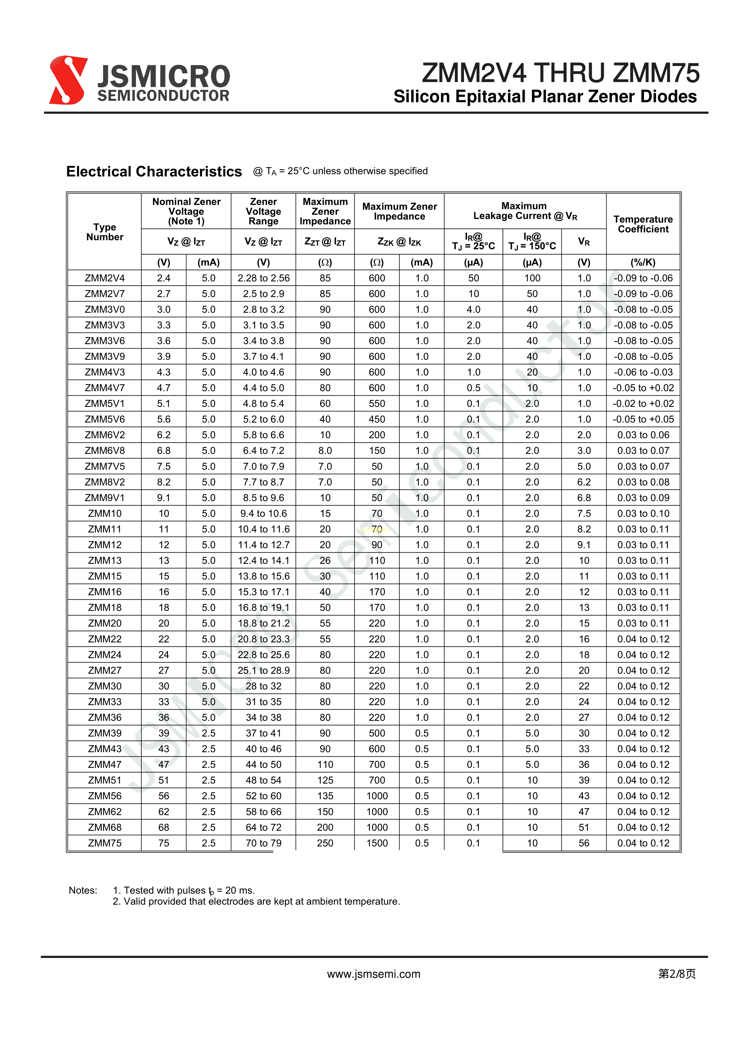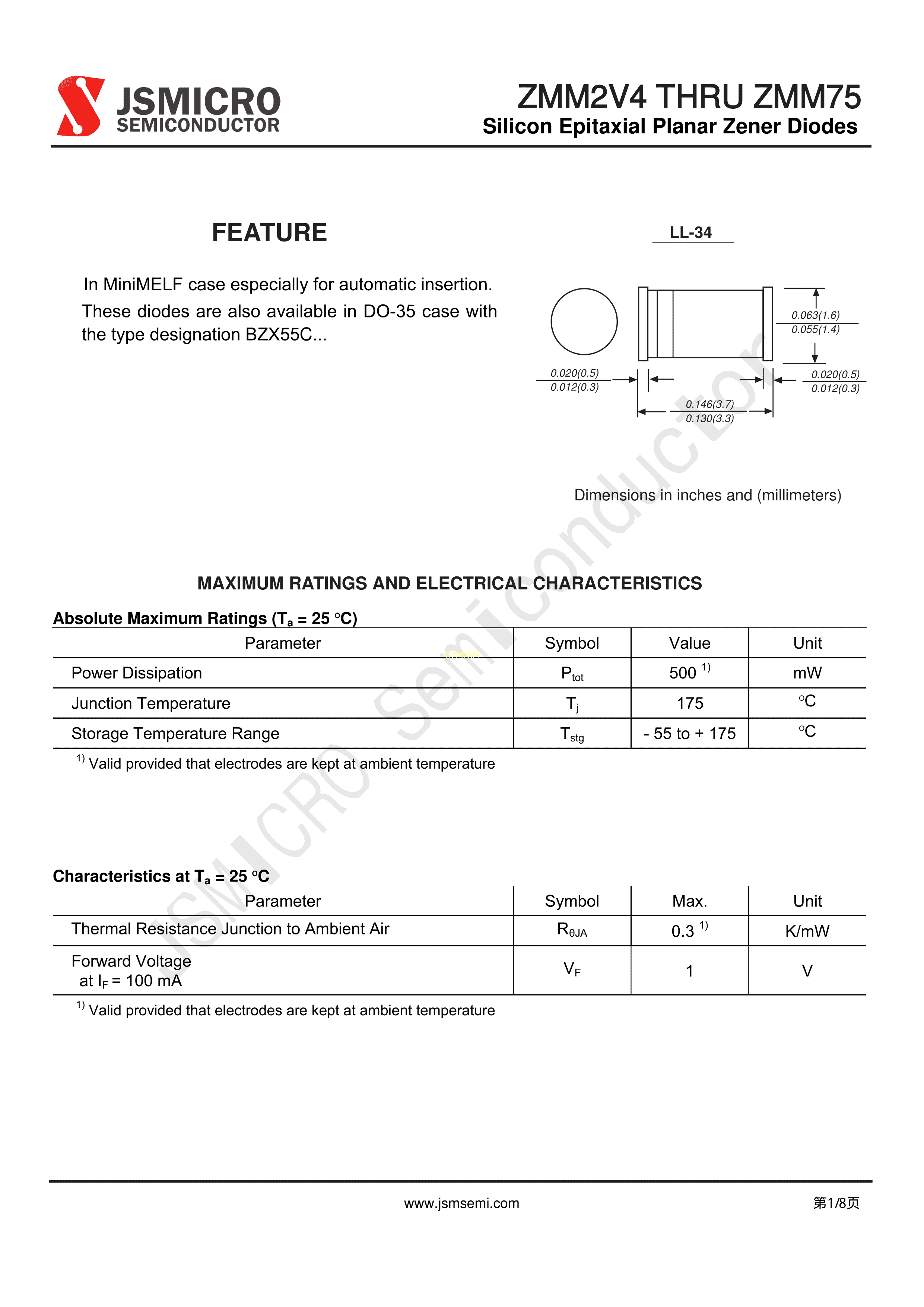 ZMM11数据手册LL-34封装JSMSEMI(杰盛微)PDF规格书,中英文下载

++++++

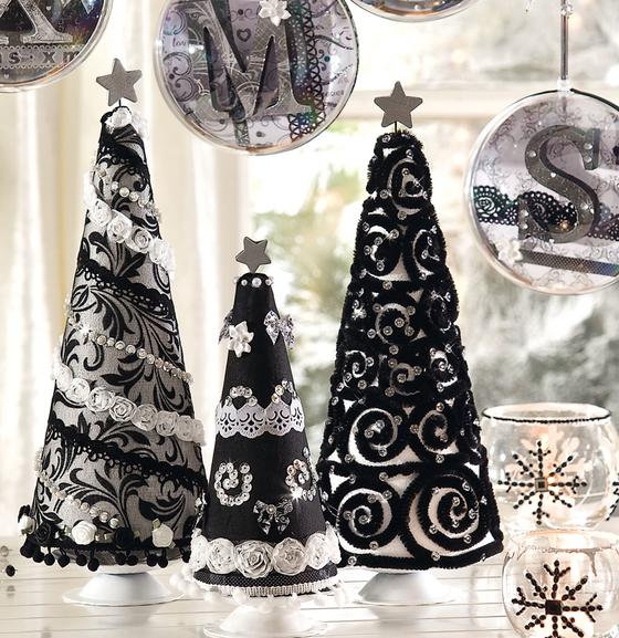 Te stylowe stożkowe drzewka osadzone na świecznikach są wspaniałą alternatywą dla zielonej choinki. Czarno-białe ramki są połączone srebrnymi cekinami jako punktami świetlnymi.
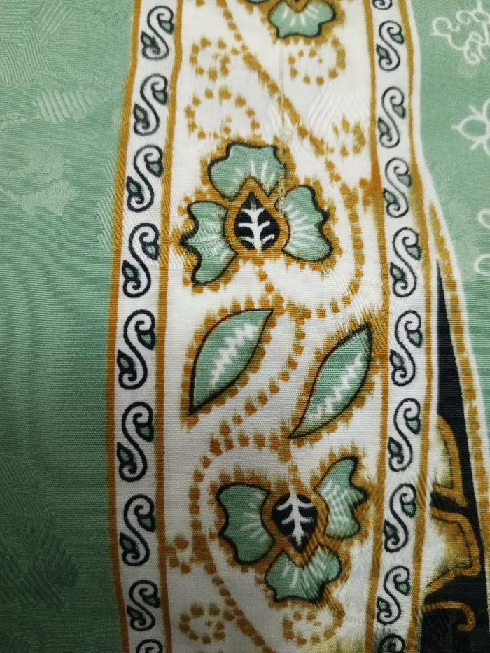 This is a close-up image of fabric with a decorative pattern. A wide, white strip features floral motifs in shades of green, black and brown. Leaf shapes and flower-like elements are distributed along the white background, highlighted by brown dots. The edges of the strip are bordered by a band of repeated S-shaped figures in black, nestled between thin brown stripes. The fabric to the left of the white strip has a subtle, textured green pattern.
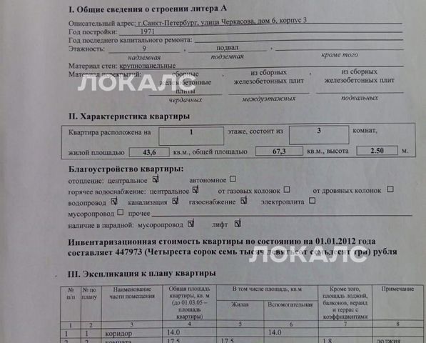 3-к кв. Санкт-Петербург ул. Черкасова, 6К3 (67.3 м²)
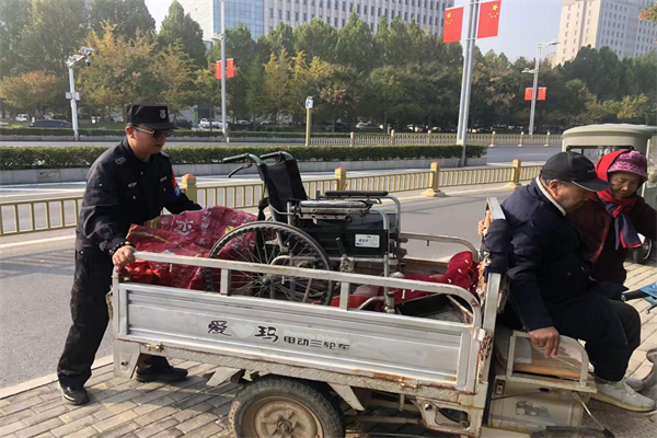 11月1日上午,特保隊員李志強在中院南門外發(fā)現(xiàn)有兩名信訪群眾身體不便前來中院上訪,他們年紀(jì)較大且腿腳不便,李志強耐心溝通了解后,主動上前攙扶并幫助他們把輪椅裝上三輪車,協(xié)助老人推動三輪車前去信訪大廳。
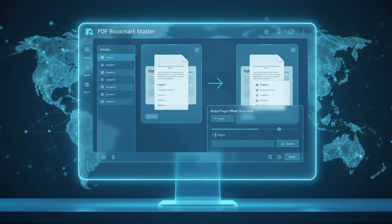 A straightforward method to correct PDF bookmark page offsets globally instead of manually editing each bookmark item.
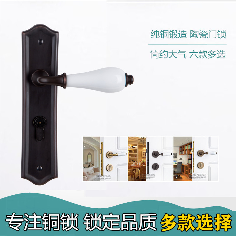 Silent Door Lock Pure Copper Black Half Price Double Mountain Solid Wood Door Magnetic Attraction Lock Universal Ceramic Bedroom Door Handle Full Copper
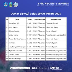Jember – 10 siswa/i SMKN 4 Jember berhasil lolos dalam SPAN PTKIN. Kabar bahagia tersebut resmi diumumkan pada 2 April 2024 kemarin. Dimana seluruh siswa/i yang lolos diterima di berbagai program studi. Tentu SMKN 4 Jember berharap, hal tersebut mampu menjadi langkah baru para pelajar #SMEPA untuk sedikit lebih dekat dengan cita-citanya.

++++++

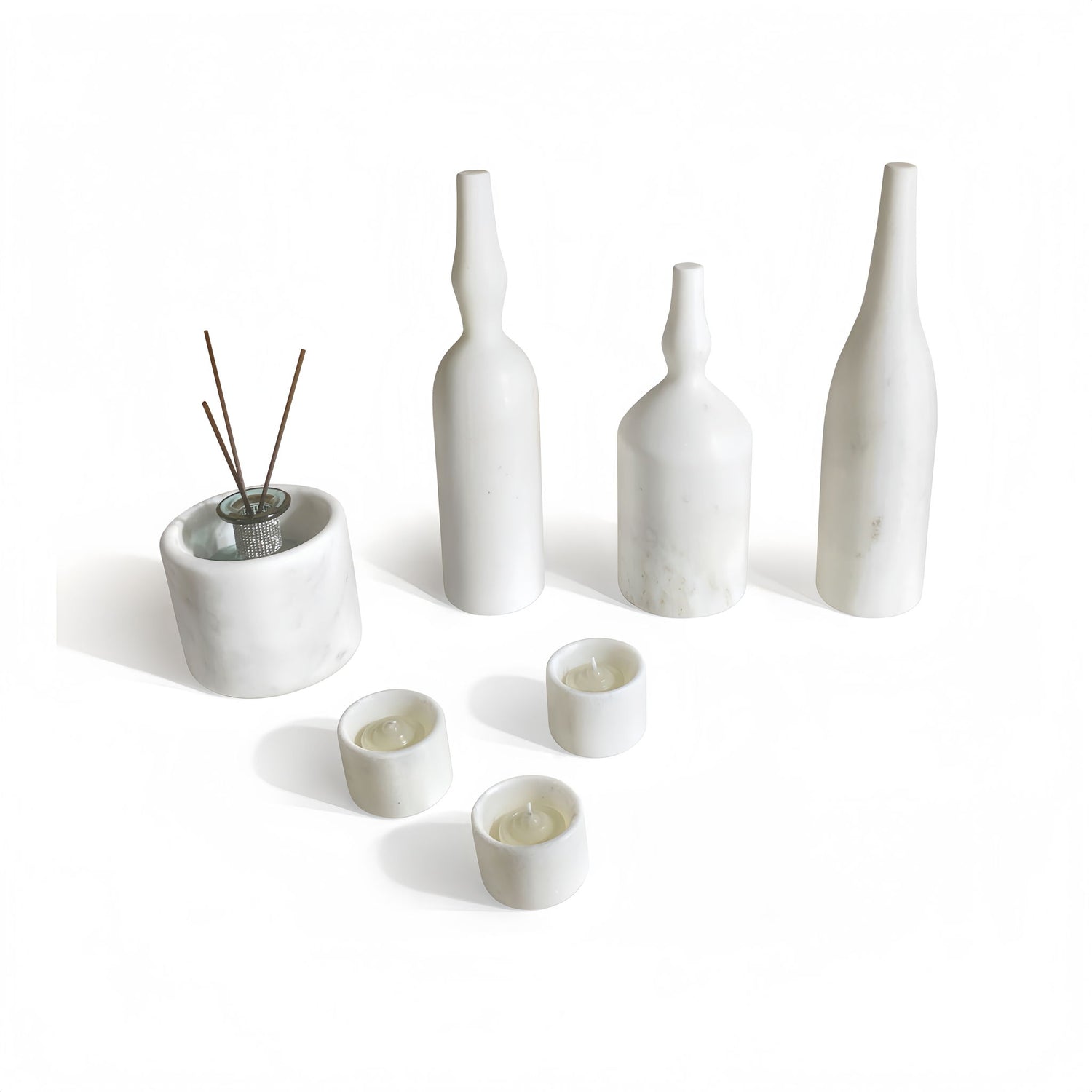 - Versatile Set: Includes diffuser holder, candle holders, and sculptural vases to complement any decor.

++++++

Output exactly the lines of the listing above that start with the one holding "This is a close-up" and go on through the one holding "Jember – 10"; leave the pictures out.

 This is a close-up image of fabric with a decorative pattern. A wide, white strip features floral motifs in shades of green, black and brown. Leaf shapes and flower-like elements are distributed along the white background, highlighted by brown dots. The edges of the strip are bordered by a band of repeated S-shaped figures in black, nestled between thin brown stripes. The fabric to the left of the white strip has a subtle, textured green pattern.
 3-к кв. Санкт-Петербург ул. Черкасова, 6К3 (67.3 м²)
 11月1日上午,特保隊員李志強在中院南門外發(fā)現(xiàn)有兩名信訪群眾身體不便前來中院上訪,他們年紀(jì)較大且腿腳不便,李志強耐心溝通了解后,主動上前攙扶并幫助他們把輪椅裝上三輪車,協(xié)助老人推動三輪車前去信訪大廳。
 A straightforward method to correct PDF bookmark page offsets globally instead of manually editing each bookmark item.
 Silent Door Lock Pure Copper Black Half Price Double Mountain Solid Wood Door Magnetic Attraction Lock Universal Ceramic Bedroom Door Handle Full Copper
Jember – 10 siswa/i SMKN 4 Jember berhasil lolos dalam SPAN PTKIN. Kabar bahagia tersebut resmi diumumkan pada 2 April 2024 kemarin. Dimana seluruh siswa/i yang lolos diterima di berbagai program studi. Tentu SMKN 4 Jember berharap, hal tersebut mampu menjadi langkah baru para pelajar #SMEPA untuk sedikit lebih dekat dengan cita-citanya.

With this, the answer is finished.